ニンニク醤油の入った小さい容器を持ってくると、キラキラした顔でうやうやしく受け取っている。
「これ、ユイミーちゃんが作ったの? 売ってくれない?」
「私が作ったんですけど、もうそれしかないんであげますよ」
「これしかないの?! なんでこんなちょっとだけしか作らなかったの?!」
「あんまりいっぱい作って失敗してもあれだし……」
200ミリリットルくらいの容器におさまる量で作ったけれど、サフィさんは納得いかなかったらしい。ローブの裾に手を突っ込んでお金を取り出すと私に握らせ、真剣な顔で言った。
「お願いだからいっぱい作って。金貨1枚で足りなかったらもっと渡すから」
「金貨いらないから! 容器と材料費込みで小銀貨3枚もあればお釣りが来ますから!!」
「じゃあ、それに手間賃で小銀貨7枚! よろしく!」
握らされた金貨を突っ返して、小銀貨に替えてもらった。手間賃も正直そんなにいらないけど、サフィさんが情熱的にニンニク醤油を欲している目が怖いので黙って受け取っておく。
サフィさん、最初は「ニンニク? 食べられるよー」みたいな反応だったのに、こんなに熱狂しているとは。まあいいけど。
「どれくらいでできる? 持ち歩きたいんだけど」
「漬けて味が出るまで数日から数週間かかりますよ。

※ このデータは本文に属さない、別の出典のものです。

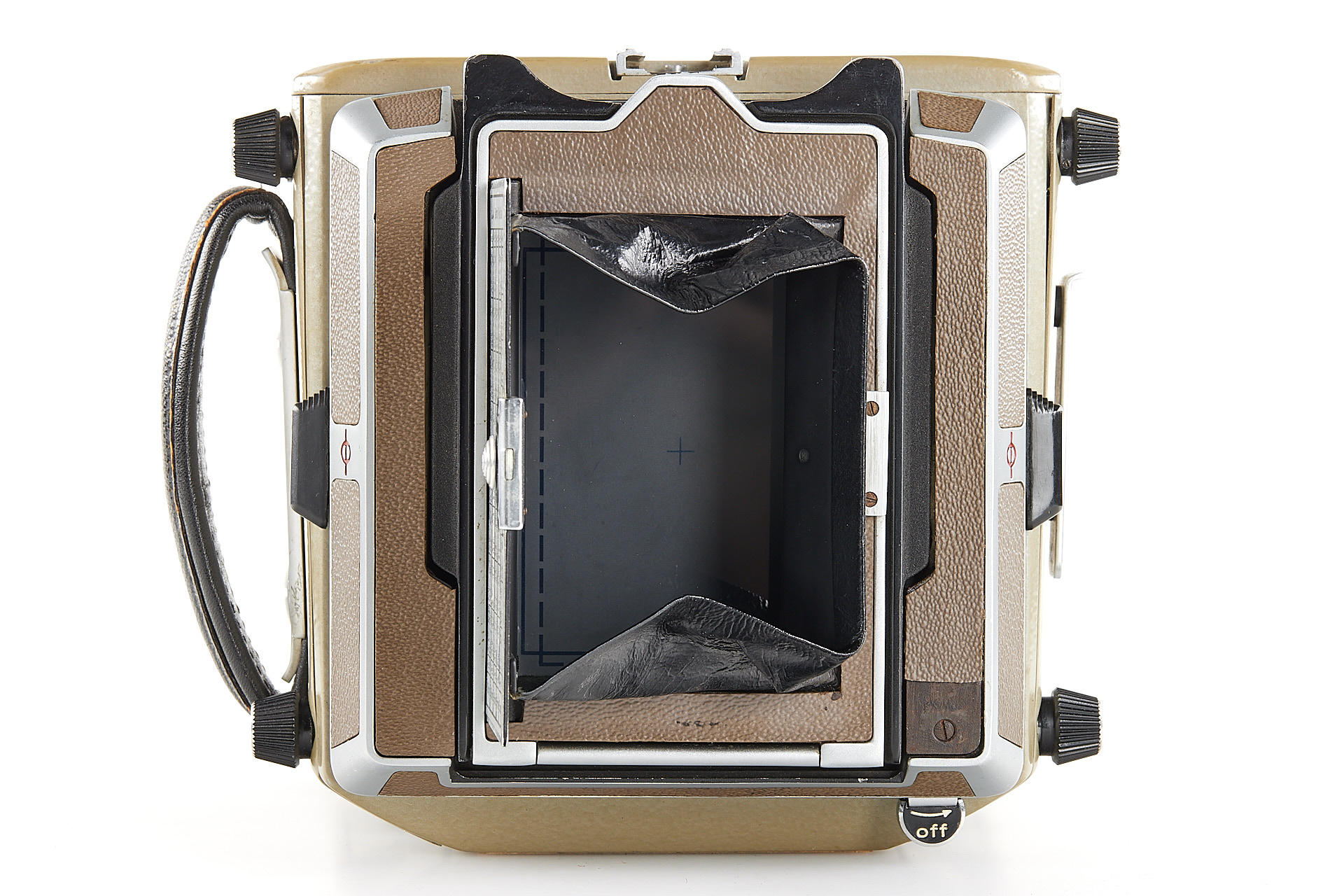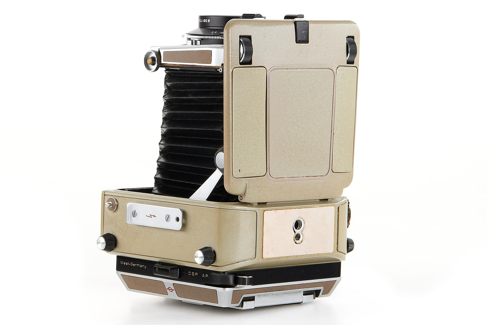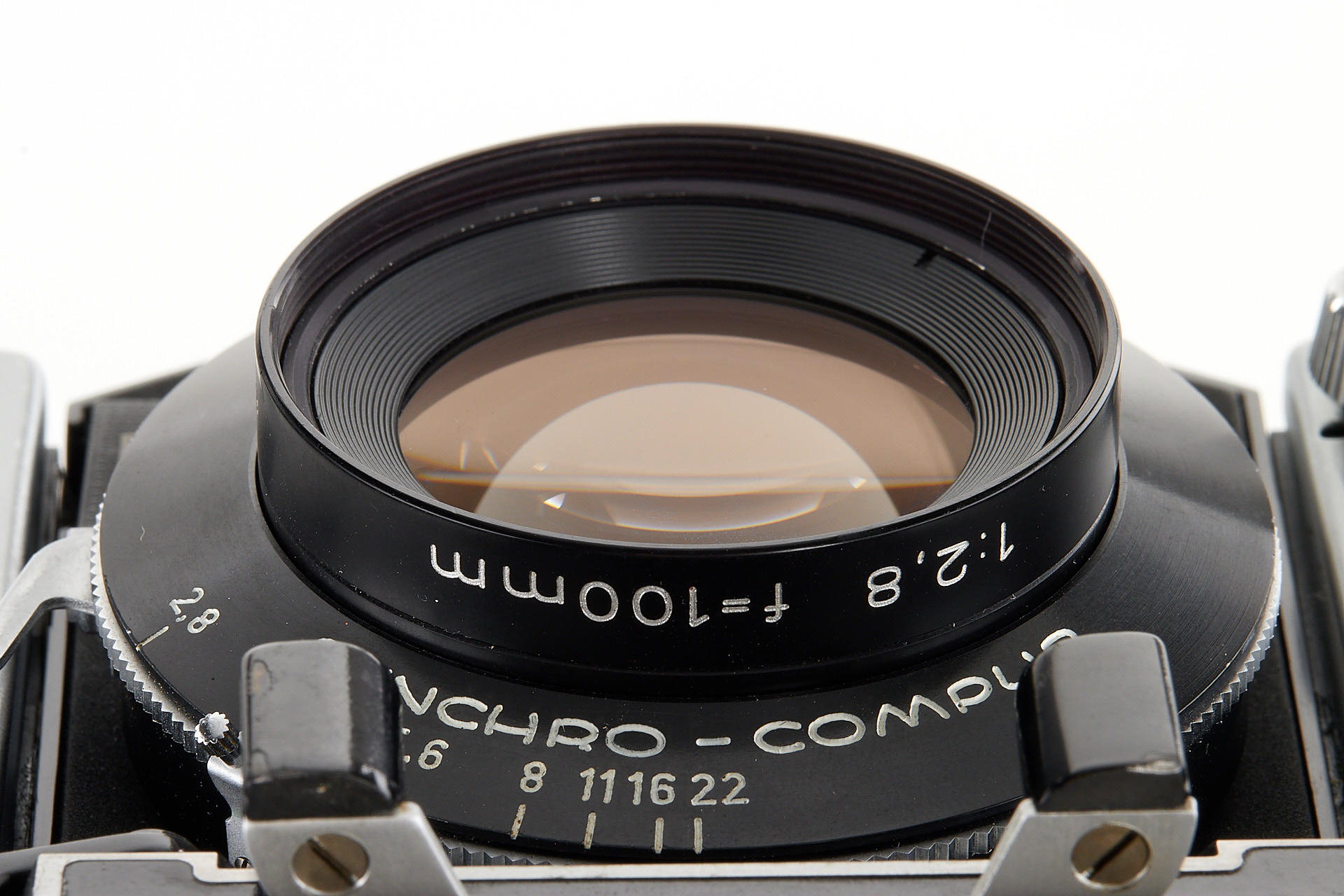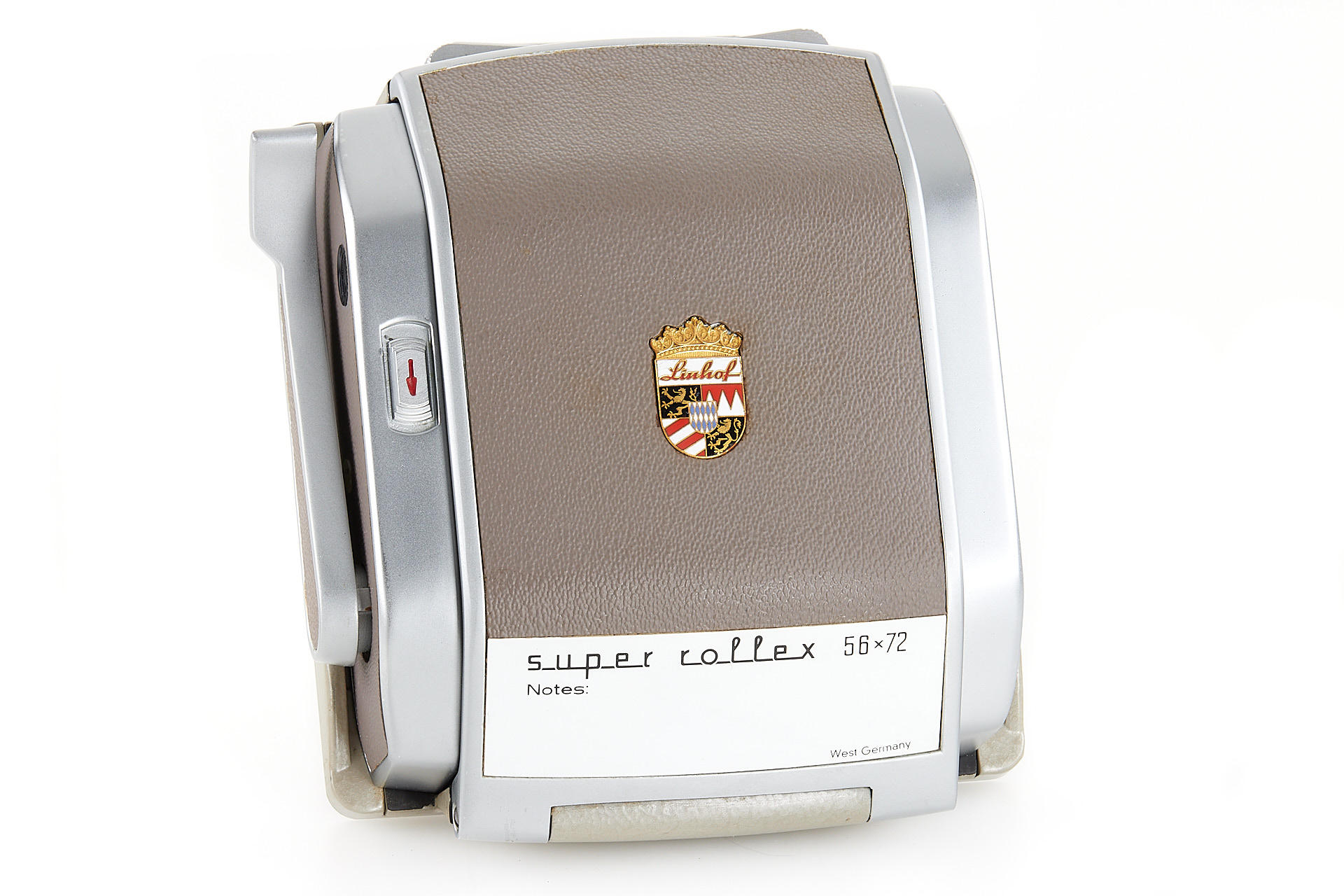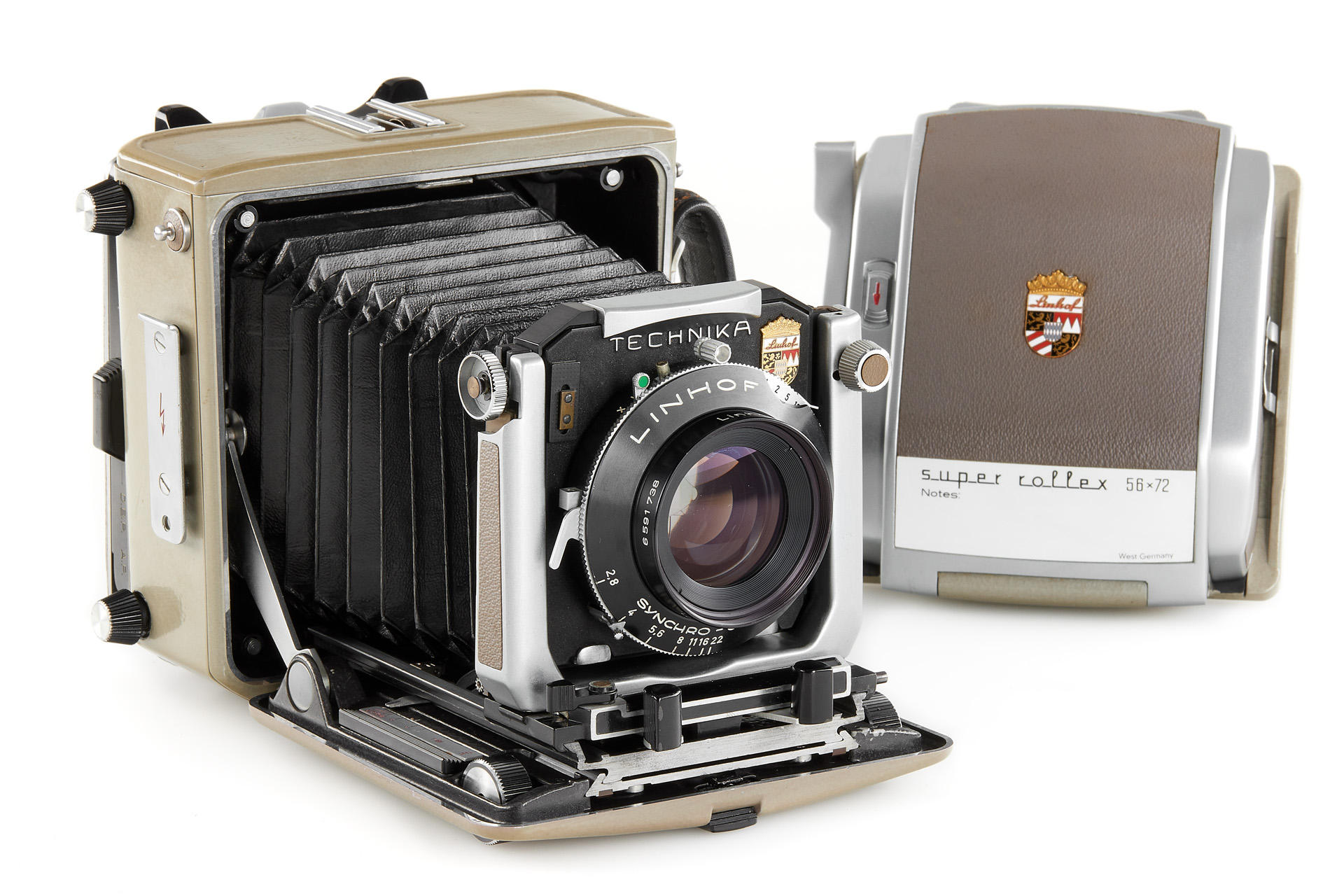 an uncommon variant of the Baby Technika 6x9 without a rangefinder, in very good cosmetic condition (leather patch near the tripod mount replaced) and working order, with rare Rodenstock Technikon 2.8/100mm no.6591738 and Super Rollex 56x72 film back

長く漬けるとそれはそれで美味しいとか」
「え、大量にほしい……」
「使い切れる量がいいような気がしますけど」
ニンニク醤油、気に入ったようだ。というか、気に入らないニンニク料理がないな、この人。
明日またニンニクを大量買いせねば、と考えたところで思い出した。
「サフィさん、明日さっそく漬けるためのニンニクを大量に買ってこようと思うんですけど」
「うん、ありがとうユイミーちゃん」
「そのために協力してほしいことがあって」
「ニンニクショーユのためならなんでもする」
キリッとした顔でものすごい気の抜けたことを言ったサフィさんに、私は背後の扉を指差した。